Historias de Algeciras

Alguien voló sobre los nidos de la Palma (II)

  • La felicidad del matrimonio formado por Mercedes y Antonio, cuya enfermedad mental ponía en entredicho el futuro familiar y económico, se fue apagando progresivamente

En la calle de Carretas se encontraba la sombrerería de Teresa Nieto.

En la calle de Carretas se encontraba la sombrerería de Teresa Nieto.

El nuevo domicilio fue establecido no lejos de la plaza de la Constitución y dentro del distrito del Pósito. Fueron cinco años de autentica felicidad. Felicidad que se fue gastando, apagando, según el bueno de Antonio empezó a modificar su conducta un día, una tarde, un momento ya olvidado. Tras los primeros síntomas, vinieron noches en vela, cambios repentinos de comportamiento; siendo cada vez más intensos y excesivos para los hechos que los motivaban. Y Mercedes no sabía qué hacer, pues ella estaba educada en el principio de: “El traje de novia y la mortaja del cielo bajan”. Y por tanto había que poner en practica lo tanto oído desde el púlpito de la Palma: “Resignación cristiana o cristiana resignación”.

Pero la situación se estaba volviendo insostenible, los gritos a cualquier día o de la noche cada vez eran más constantes. Así que siguiendo el consejo familiar, marchó hasta el cercano Hospital Civil. Y allí, tras oírles con la debida discreción los galenos presentes como tal vez: José Gómez, Juan Pérez o Francisco Contilló, no especialistas en aquel tipo de comportamientos pero sí familiarizados con ciertas clases de enfermos “especiales”, pues estos eran: “Encargados por el juzgado para la observación de presos que presentaban síntomas de enajenación mental”. Tras contar su pesadilla, Mercedes pasaría a oír a los doctores. Concluyendo quizá, en estar viviendo un mal sueño. Sin duda, alguien le insinuaría que aquel lugar no era el apropiado, si todo iba a peor como al parecer iría para Antonio. El médico que posiblemente le informara sabía perfectamente lo que decía, pues comúnmente y según demuestra otro escrito remitido por el juzgado local indicando: “El preso Claudio P. Ch.
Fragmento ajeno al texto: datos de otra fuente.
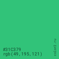 Цвет #31C379 в цветовой модели RGB обозначается тремя октетами (49, 195, 121) в десятичном формате и #31C379 в шестнадцатиричном (hex) формате, которые являются интенсивностью красного 49 (hex 31), интенсивность зелёного 195 (hex C3) и интенсивность синего 121 (hex 79).

Se halla herido en la cárcel, y necesita ingresar en el Hospital […], para ser curado de la lesión y que no retarde su encarcelación por carecer dicho establecimiento hospitalario de las condiciones apropiadas que tiene la cárcel”. Estos comportamientos no eran extraños para aquellos doctos señores.

La situación era desesperante y la solución que se le hizo ver aún peor. Entonces alguien mencionó una horrible palabra, manicomio. Y más concretamente el llamado Provincial de Cádiz, como posible lugar donde encontrar remedio a los males de Antonio. Institución que en la capital de la provincia denominan popularmente Capuchinos. Y hasta le fue dado un nombre por el que preguntar: Sor Concepción.

Y Mercedes se informó, y las noticias que le dieron no pudieron ser más desalentadoras sobre aquellos establecimientos dedicados a la acogida de “enfermos del alma”. Pérez Galdós, en su obra La Desheredada, describe estas llamadas eufemísticamente como “Casas de Salud”, del modo siguiente: “Patio cuadrilongo, cerrado por altos muros sin resalto ni relieve alguno que puedan facilitar la evasión. Árboles no muy grandes, plantados en fila, tristes y con poca salud, si bien con muchos pájaros, dejan caer uniformes discos de sombra sobre el suelo de arena, sin una hoja, sin una piedra, sin un guijarro, llano y correcto cual alfombra de polvo. Como treinta individuos vagan por aquel triste espacio; los unos lentos y rígidos como espectros, los otros precipitados y jadeantes”.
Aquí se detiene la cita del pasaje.